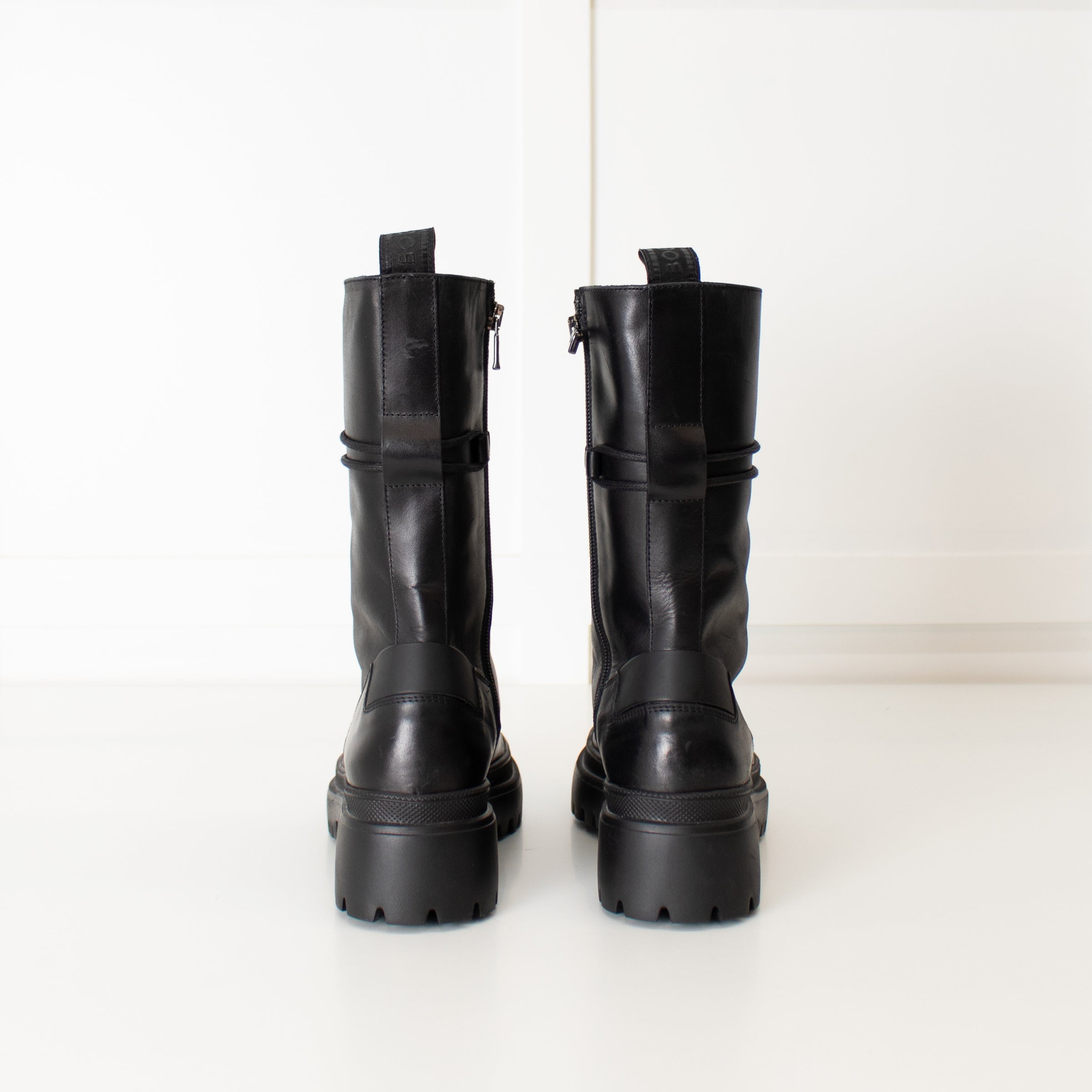 Bogner black smooth leather high boots with lace-up fronts, an internal zip for ease, a rounded toe, chunky rubber cleated soles, and a pull tab at the back of the ankle.
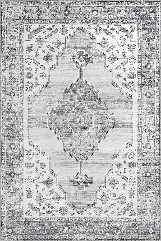 nuLOOM Gracie Distressed Medallion Machine Washable Ultra Thin Area Rug, 5x8, Grey
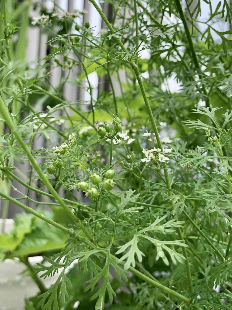 花が咲く🌼と、パクチーの葉🌿は終了💦
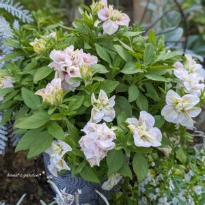 八重のペチュニアをいくつか🌱✨🌱✨ Page1…ティーパーティー・ルフナ&ジャメスブリテニアと共に…✨ 当家絶賛のセール品100円コンビです🤩✌️ ホントにタイミング良くお迎えできたも んだ!!って喜びに浸ってます🎶🎶 Page2…ホイップマカロン・クラシカルチェリー🍒 単体での美しさはホイップマカロンのプレミアムカラーが1番だなぁって勝手に思ってます🌱✨✨ たった一輪咲きでも絵になります🖼️✨✨ Page3…ミンティパフ🌿 よく咲くわよねぇ…このペチュニア😉…って感じで次々にもこもこ、もりもり咲いてくれてます👍 爽やかな色みが夏にマッチします🏖️🎶 Page4…ベルチャーム・クロエ💐 ベルチャームは切り戻してもしっかり再生してくれるので嬉しいですね😉🎶 過湿にならないようにだけ気をつけてます🤔(他の八重ペチュニアもですが🚰) Page5…アルテミス🌟 ゲブラナガトヨの八重ペチュニアです。 切り戻しからだいぶお花が咲いてきました〜🎉 なんと言ってもちょっと和テイストを感じる花柄が美しいです🇯🇵✨ ベルチャームほどではないですけど、切り戻しからの復活もしっかりしてました🌱🎶

§ Exercise
Transcribe, exactly and without pictures, everything in the data from the line with "nuLOOM Gracie Distressed" down to the line with "花が咲く🌼と、パクチーの葉🌿は終了💦", both included.

§ Written response
 nuLOOM Gracie Distressed Medallion Machine Washable Ultra Thin Area Rug, 5x8, Grey
 花が咲く🌼と、パクチーの葉🌿は終了💦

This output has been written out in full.